I want to answer 'yes' to your last question, just for fun :-) But I know you would like some arguments, so let me try :
if a concept (here copying) is unique to an object, then you can consider merging the two in the same class (that would be implementing the method in the class itself). For example:
- if for some objects, there are several way to make copies, depending on ..., then the copying really deserves to be out of the original object.
- if for all objects, there is a unique way of copying it, is there really much value in creating a different object to do the copying ? (It has for example if the total complexity is too much, hard to read and understand, so it's good to break it down).

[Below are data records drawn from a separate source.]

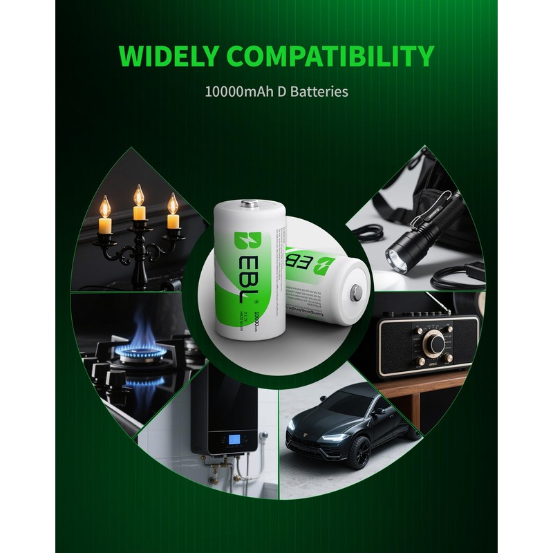 EBL D Battery D Size Rechargeable Batteries 10,000mAh Ni-MH, Pack of 6 - ProCyco Technology
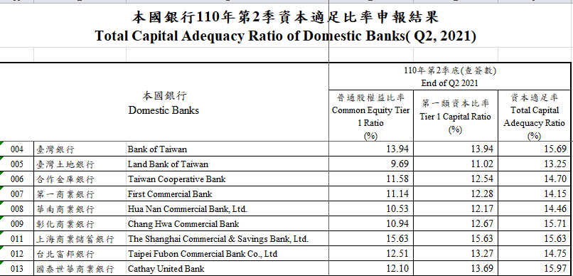 普通股、第一類資本、及資本適足率得最終各達到 11%、12.5% 及 14.5% 的標準,
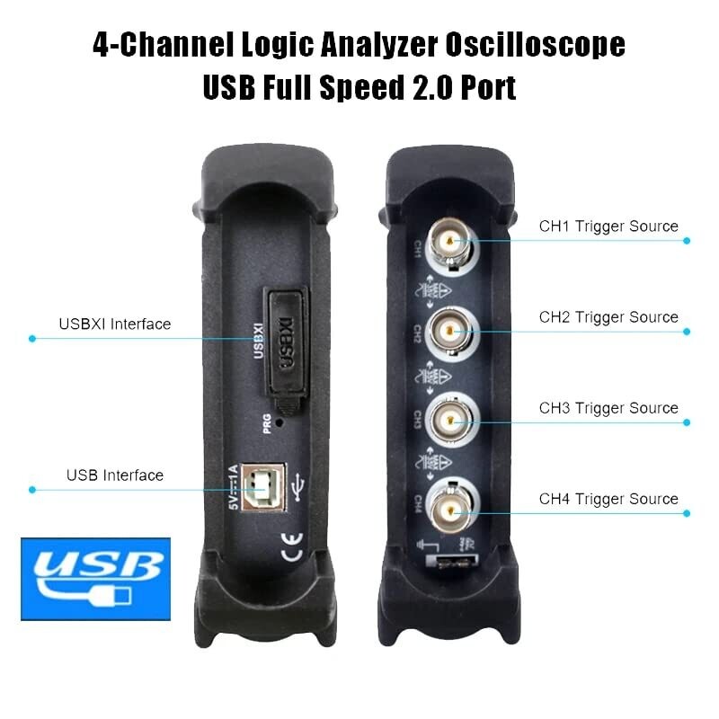Yuqiaotime Hantek 6074Bc/BD/BE 4-Channel 70Mhz USB Oscilloscope – Compact
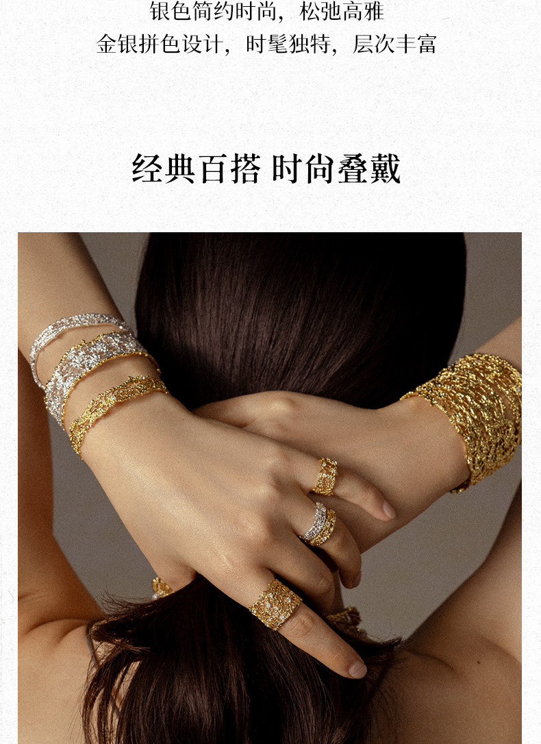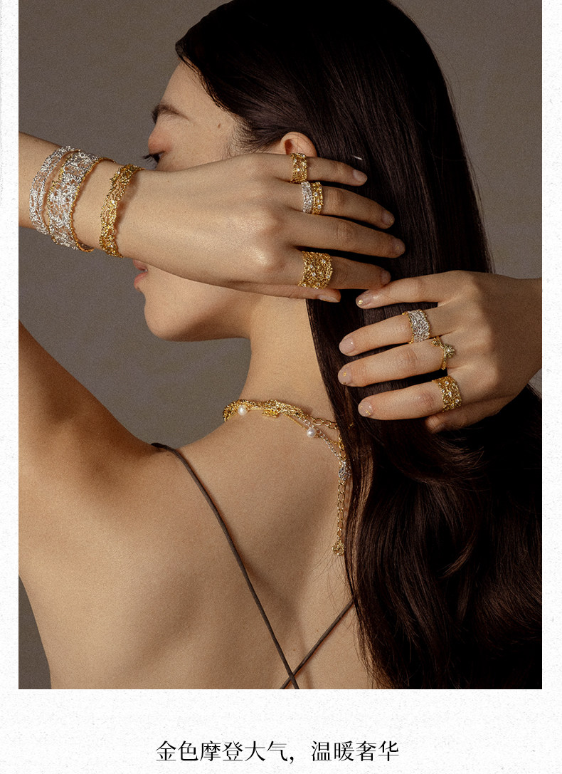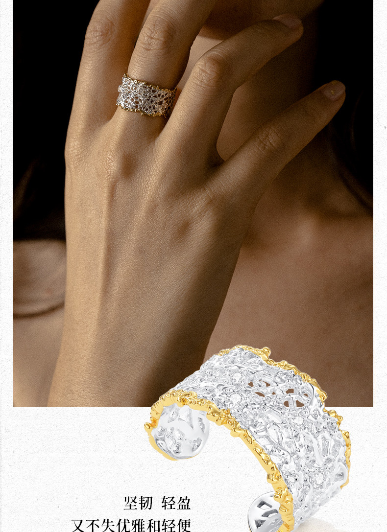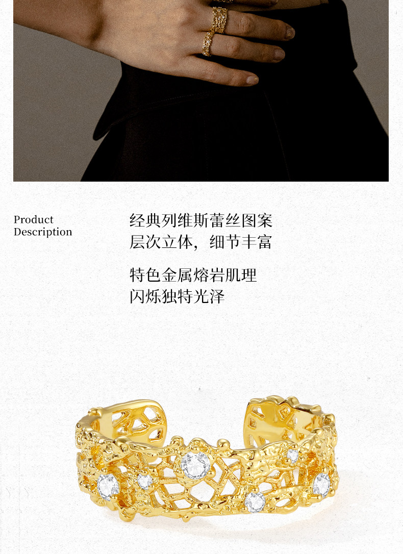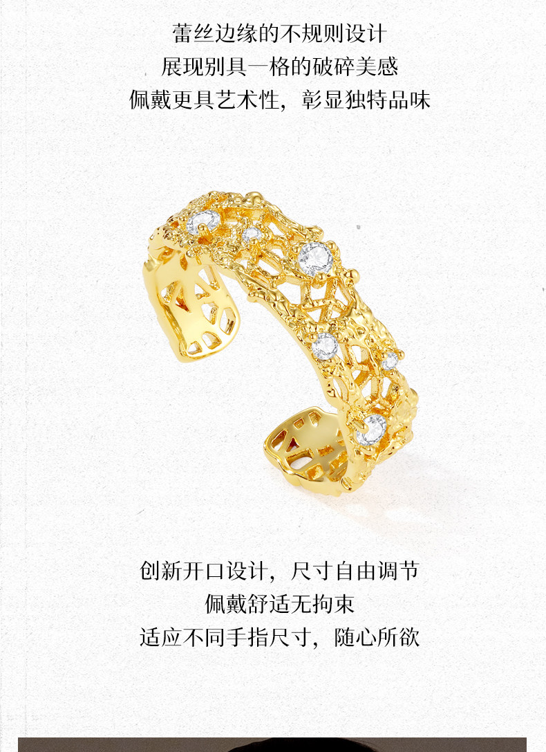 Ooak Lace Sterling Silver Ring, Simple Style Open Ring, Light Luxury, High-End Feel, Stackable Ring, Birthday Gift for Girlfriend

I have always had trouble creating copies by calling an explicit constructor. The reason is that Constructors are the only methods that cannot be inherited (excluding statics...), so they cannot be generic (impossible to have a unique interface for all your copiable objects). This means you can have no generic code, in all your application, that is able to copy your objects. Every time I tried, there comes a time when I really need to make a copy in a general way.
Explicitely calling constructors also means I will be impossible, in the future, to substitute a subclass. Say you have a algorithm A that works on a variable B. If you give A a subclass C of B, when A makes a copy its B variable (who's actual type is C), the copy will be created with the B constructor, so it will not be of the same class, and probably will change behavior. So copying by calling constructor is extrelemely limited.

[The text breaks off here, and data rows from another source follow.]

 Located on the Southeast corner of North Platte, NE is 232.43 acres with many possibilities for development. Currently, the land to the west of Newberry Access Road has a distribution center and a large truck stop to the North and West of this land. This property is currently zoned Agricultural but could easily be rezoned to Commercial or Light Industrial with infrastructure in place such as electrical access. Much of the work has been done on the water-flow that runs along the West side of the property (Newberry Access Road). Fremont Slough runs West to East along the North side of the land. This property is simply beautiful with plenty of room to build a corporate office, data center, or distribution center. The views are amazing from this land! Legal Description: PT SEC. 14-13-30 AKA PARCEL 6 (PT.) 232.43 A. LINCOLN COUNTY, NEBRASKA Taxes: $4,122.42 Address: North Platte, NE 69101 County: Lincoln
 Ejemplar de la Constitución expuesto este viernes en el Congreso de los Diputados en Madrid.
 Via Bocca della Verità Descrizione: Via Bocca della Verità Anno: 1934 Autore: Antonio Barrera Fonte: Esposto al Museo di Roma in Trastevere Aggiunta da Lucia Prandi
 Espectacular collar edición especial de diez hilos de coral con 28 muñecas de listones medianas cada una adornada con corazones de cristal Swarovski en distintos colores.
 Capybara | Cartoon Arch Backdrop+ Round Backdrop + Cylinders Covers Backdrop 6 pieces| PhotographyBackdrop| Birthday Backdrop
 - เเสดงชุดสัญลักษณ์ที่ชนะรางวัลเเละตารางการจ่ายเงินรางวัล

Explicitely calling constructors means it is impossible to work with interfaces. You can read in so many places about the value of interfaces... So for example, in our application, many objects are instanciated no directly in our code, but a Locator/Factory is asked for an interface (or class), with many possible advantages (if your application comes to need this one day):
- If I want to substitute to every A object a B subclass in a specific context, for example to measure performance of a costly operation during some automated testing, it's very easy. We also needed to substitute HashMaps by a subclass, to find one non-seriable object that was inserted in the Map and later caused errors during Serialization.
- If I have an interface, creating an object only involves the interface in my regular code (Factory excepted). So I have no dependency at all to the concrete class, which is so good as you know (a dependency to an interface has so much less transitive dependencies, and is so much easier to mock for testing).

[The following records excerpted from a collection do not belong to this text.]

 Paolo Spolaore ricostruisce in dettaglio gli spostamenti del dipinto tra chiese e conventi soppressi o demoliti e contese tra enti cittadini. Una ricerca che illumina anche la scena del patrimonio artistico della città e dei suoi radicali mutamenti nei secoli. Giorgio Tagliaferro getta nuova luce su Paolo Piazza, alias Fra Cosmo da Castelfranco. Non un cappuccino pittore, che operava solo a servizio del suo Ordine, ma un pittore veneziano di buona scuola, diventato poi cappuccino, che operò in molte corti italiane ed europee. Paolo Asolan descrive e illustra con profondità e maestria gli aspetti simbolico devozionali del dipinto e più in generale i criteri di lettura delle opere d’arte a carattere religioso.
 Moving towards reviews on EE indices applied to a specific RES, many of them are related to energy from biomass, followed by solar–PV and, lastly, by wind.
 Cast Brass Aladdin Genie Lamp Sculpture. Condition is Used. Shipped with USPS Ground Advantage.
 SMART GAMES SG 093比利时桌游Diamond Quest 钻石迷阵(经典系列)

- this factory is actually Spring-backed in our case, so the instanciation is done via Spring. Many additional steps are taken as need (proxying, interception, initialization methods ...).
In our application, we usually end up creating one (or a few) cloners. Given a top object, they know how to make a deep copy of it. The advantage with a generic cloner is that the code is written only once, it is generic for the whole application. Often, it is also reused between applications...
Implementation: using reflexion for example, you get every member recursively. There are many traps to avoid however:
- loops: A references B that references C that references A. So I keep a Map of the objets that have been copied already, referencing the copy. When I would copy an object, but find out it is already in the map, I don't copy it, but substitute its already-made copy.
- special types: enums should not be copied (also some other static objects). Some library classes could have problems also, so you can keep a Set or Map of special classes that you don't want to copy, or copy in a special way.
- you can get in trouble with final fields ...
Specific cases
There are often specific objects where the default way is not correct. We want both, a generic implementation, and the possibility to overload it as needed. For them, we use this:
- if we can modify the objects, we let them implement a specific CustomizedCopier interface, and their code in that method is responsible for doing the copying, as they want. The generic code doesn't do anything if he sees this interface.
- if we can't modify the objects (JRE, third-party code ...), we have a Map/Registry Map that stores the classes that are specific, along with the specific copier that we want for them. Note that this trick is also used sometimes to customize the copying not in general, but only for some special use-cases, as it can overload the way objects are copied.
In fact, I usually ended up with several cloners. For example, cloning data persistent entities typically use this knowledge to clone a bit differently (for example, ids and audit fields could be made nulls).
I usually also have a class that does the same dependency search, but for other needs:
- toString() a complex object to create a debug String of it.
- equals() and hashCode() implementations if needed.
- reinitialise a graph of objects to its default values for all properties (think of the implementation of a 'reset' button in a multi-tab huge form).
- check for existence of an object somewhere in an object graph
- control the Seriability of a graph of objects (typical use-case with the HttpSession that is serialized in some condition ; in development, we check explicity the objects, to detect an not-serializable object, and provide the best error message to the developper).
- ...
Please note that the copying is needed often for multi-threading. Ideally, objects reused in multi-threaded environments are immutable. If not, cloning is typically advised to ensure program global coherence...
Performance
Using reflexion is not always so fast. Typically, for a copying that is big in volume and used often, we would implement the copying in the objects themselves. But we found out there are only a few classes that need to be copied and are in high volume, so it is just an exception to the general mecanism, that we plug afterwards (I wrote earlier in the post how, using the register) only when they become useful.